AVAILABLE RECORDS →
Content starts
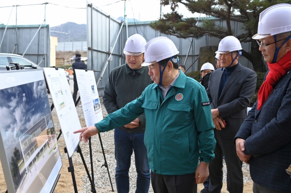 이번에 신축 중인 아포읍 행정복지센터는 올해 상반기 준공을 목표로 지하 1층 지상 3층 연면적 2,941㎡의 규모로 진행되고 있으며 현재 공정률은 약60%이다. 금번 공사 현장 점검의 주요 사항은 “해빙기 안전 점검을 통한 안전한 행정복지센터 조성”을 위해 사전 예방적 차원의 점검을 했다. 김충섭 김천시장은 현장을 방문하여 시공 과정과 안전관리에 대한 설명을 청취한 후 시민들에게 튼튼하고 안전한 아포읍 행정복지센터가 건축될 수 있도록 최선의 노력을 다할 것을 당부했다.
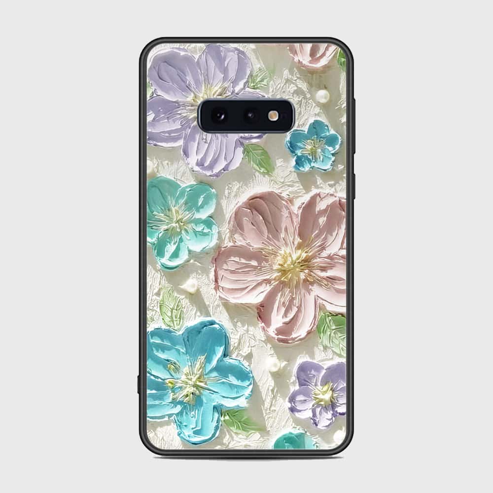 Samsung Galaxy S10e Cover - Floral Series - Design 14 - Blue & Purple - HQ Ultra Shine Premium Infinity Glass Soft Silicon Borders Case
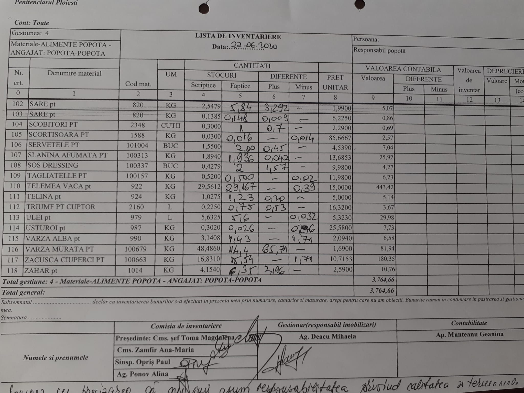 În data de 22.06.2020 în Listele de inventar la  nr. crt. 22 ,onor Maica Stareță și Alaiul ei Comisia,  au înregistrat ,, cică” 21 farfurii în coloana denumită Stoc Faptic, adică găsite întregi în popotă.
Content ends
Content starts
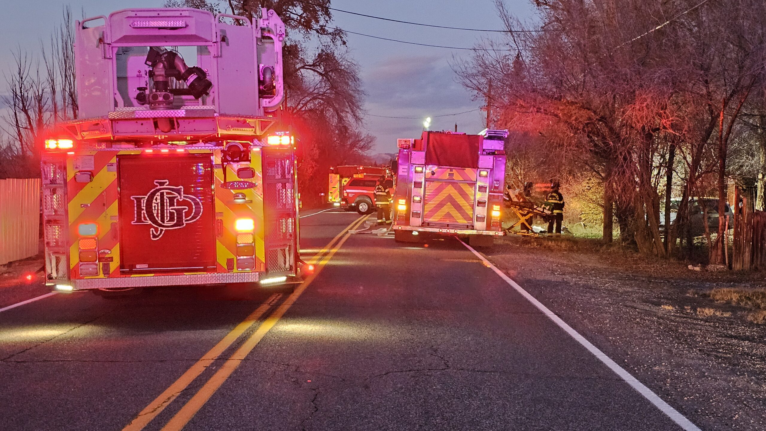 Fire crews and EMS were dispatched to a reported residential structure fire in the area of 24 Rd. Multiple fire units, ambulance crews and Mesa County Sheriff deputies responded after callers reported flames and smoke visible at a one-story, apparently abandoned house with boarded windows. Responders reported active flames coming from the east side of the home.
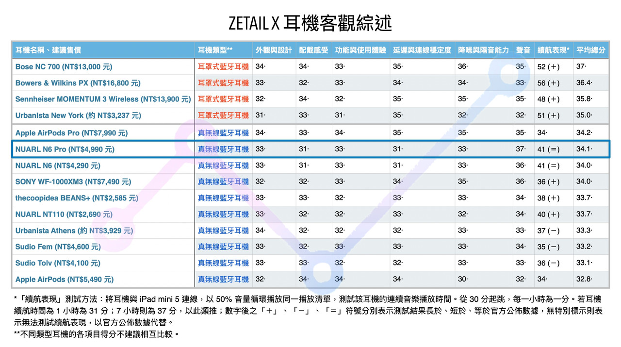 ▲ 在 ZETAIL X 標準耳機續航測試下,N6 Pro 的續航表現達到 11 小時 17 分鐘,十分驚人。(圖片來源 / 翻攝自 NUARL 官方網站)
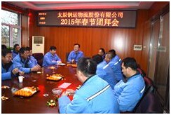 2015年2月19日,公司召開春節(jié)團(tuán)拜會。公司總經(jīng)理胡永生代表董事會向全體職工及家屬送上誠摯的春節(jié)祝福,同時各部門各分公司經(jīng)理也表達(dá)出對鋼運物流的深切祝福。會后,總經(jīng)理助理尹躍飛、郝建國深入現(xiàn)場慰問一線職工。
Content ends
WHAT IS EXPECTED → Find the line with "Samsung Galaxy S10e" in the data above, and from there retype each line exactly through the line with "În data de 22.06.2020", skipping the pictures along the way.

RESPONSE →
 Samsung Galaxy S10e Cover - Floral Series - Design 14 - Blue & Purple - HQ Ultra Shine Premium Infinity Glass Soft Silicon Borders Case
 În data de 22.06.2020 în Listele de inventar la  nr. crt. 22 ,onor Maica Stareță și Alaiul ei Comisia,  au înregistrat ,, cică” 21 farfurii în coloana denumită Stoc Faptic, adică găsite întregi în popotă.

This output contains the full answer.